Polska ma kłopot. UEFA nigdy tego nie przyzna

Getty Images / Kibice podczas Superpucharu Europy na Stadionie Narodowym w Warszawie
Getty Images / Kibice podczas Superpucharu Europy na Stadionie Narodowym w Warszawie

Polska stała się ulubienicą piłkarskich władz. W żadnym innym kraju w ostatnich 12 latach nie odbyło się tyle najważniejszych meczów i imprez co nad Wisłą. Do kompletu brakuje jedynie finału Ligi Mistrzów i mundialu. Jest tylko jeden problem.

W tym artykule dowiesz się o:

Po cywilizacyjnym skoku, istnym locie na księżyc, jakim było Euro 2012, pod względem infrastruktury stadionowej Polska jest w ścisłej europejskiej czołówce. Powszechnością nowoczesnych obiektów ustępujemy w zasadzie tylko Anglii i Niemcom.

Mamy dziś aż 20 obiektów wzniesionych po 2010 roku, a kończone są następne w Katowicach, Płocku, Radomiu i Zabrzu. Gruntownie przebudowane zostały stadiony Śląski i Miejski w Krakowie, z którego korzysta Wisła. Od kameralnych, ale w pełni funkcjonalnych z najwyższą kategorią UEFAa 10-tysięczników po reprezentacyjny Narodowy.

UEFA i FIFA to doceniają, bo po Euro 2012 rozegrano w Polsce młodzieżowe mistrzostwa Europy (2017) i świata (2019), finały Ligi Europy (2015, 2021), w środę gościliśmy mecz o Superpuchar Europy, w maju przyszłego roku we Wrocławiu odbędzie się finał Ligi Konferencji Europy. Będziemy też gospodarzem młodzieżowych ME (2025) i MŚ (2026) kobiet, a staramy się też o Euro seniorek (2029).

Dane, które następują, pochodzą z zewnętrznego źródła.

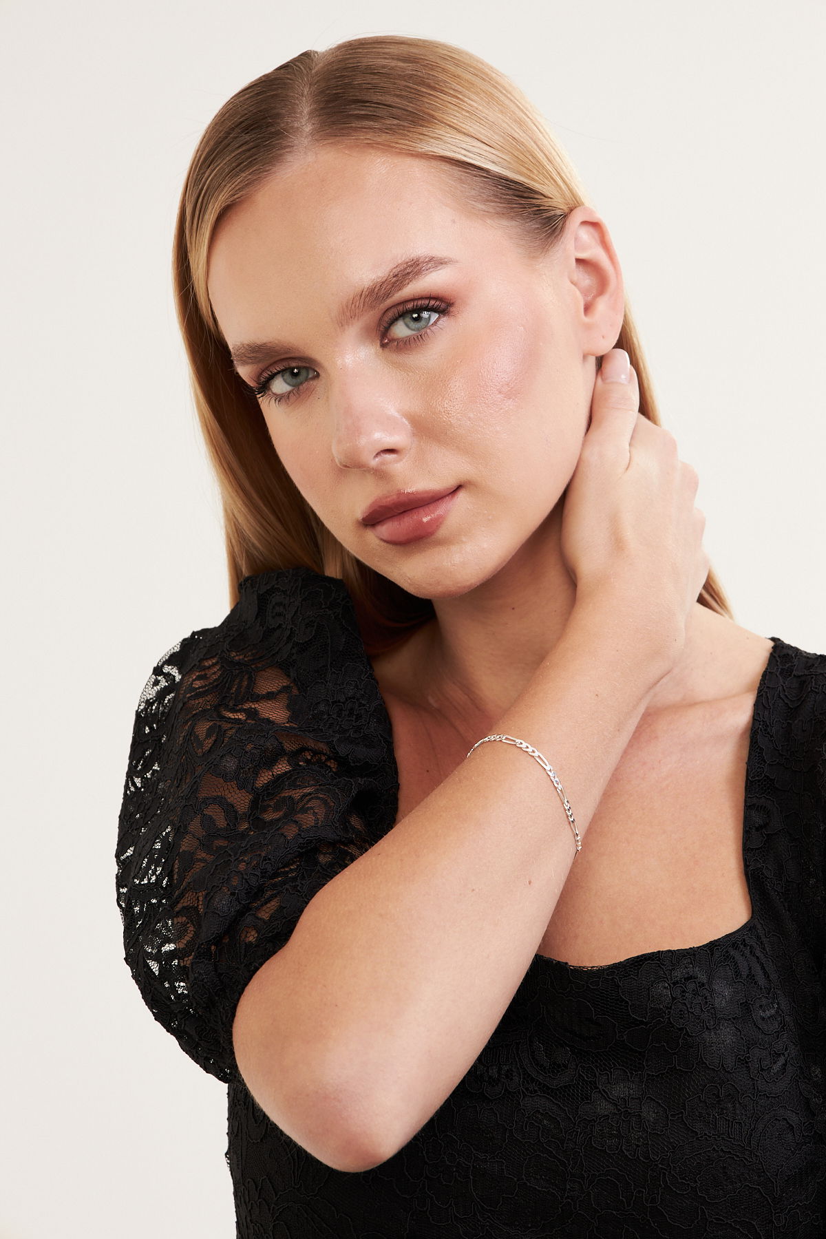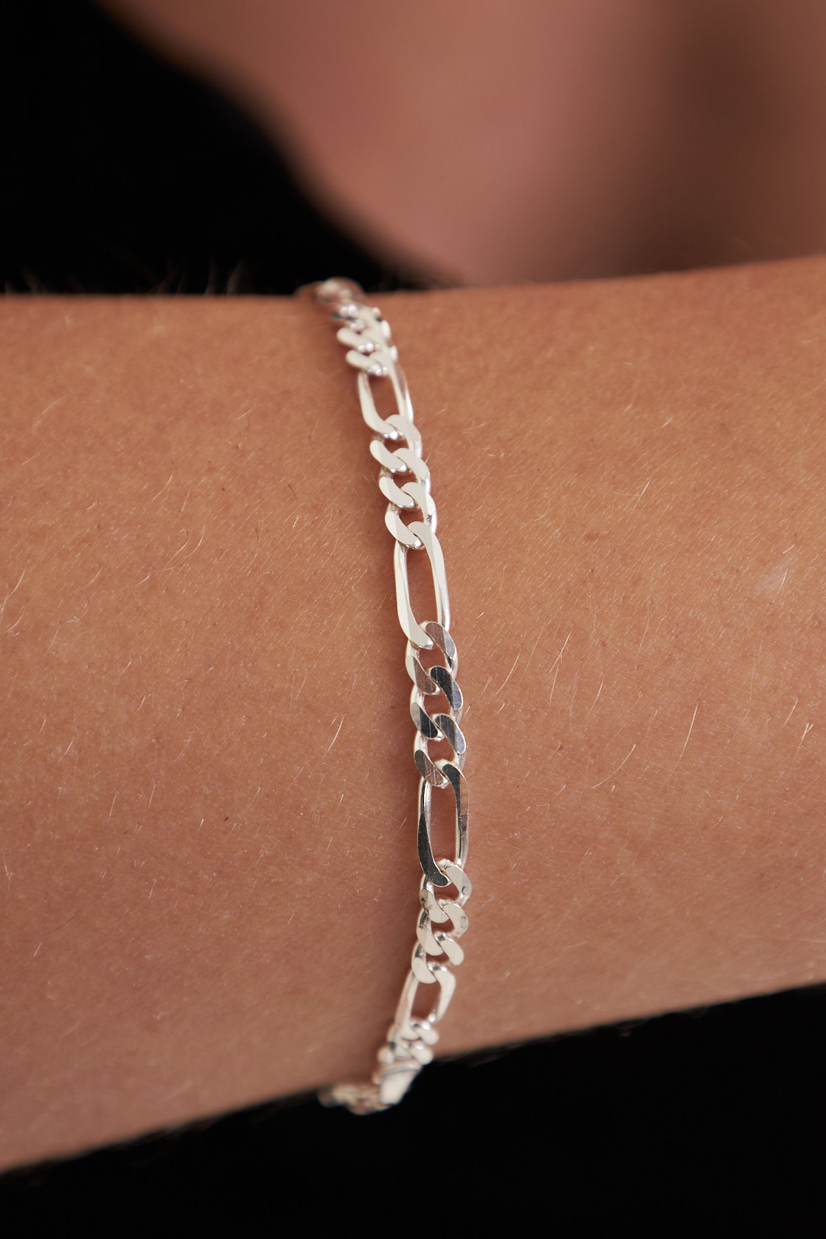 4mm Figaro 925 Ayar Gümüş Kadın Zincir Bileklik VKB-7020 - Ventino

ZOBACZ WIDEO: #dziejesiewsporcie: Można oglądać bez końca. Bramka stadiony świata

Sprawdzamy się w roli organizatora, bo w branym pod uwagę okresie (2012-2025) żaden inny kraj nie był gospodarzem tylu najważniejszych meczów i imprez co Polska. Środowy Superpuchar Europy Real - Atalanta (2:0) potwierdził, że stajemy na wysokości zadania. Problem w tym, że dobiliśmy do sufitu.

W Europie do zorganizowania pozostał nam jedynie finał Ligi Mistrzów, którego UEFA... nigdy nam nie przyzna. Powód jest prosty: takie mecze Komitet Wykonawczy UEFA organizuje na stadionach z pojemnością co najmniej 60 tysięcy. - Nie jest to zawarte w żadnych przepisach UEFA, ale takie są wewnętrzne wytyczne, rekomendacje w UEFA - słyszymy w PZPN.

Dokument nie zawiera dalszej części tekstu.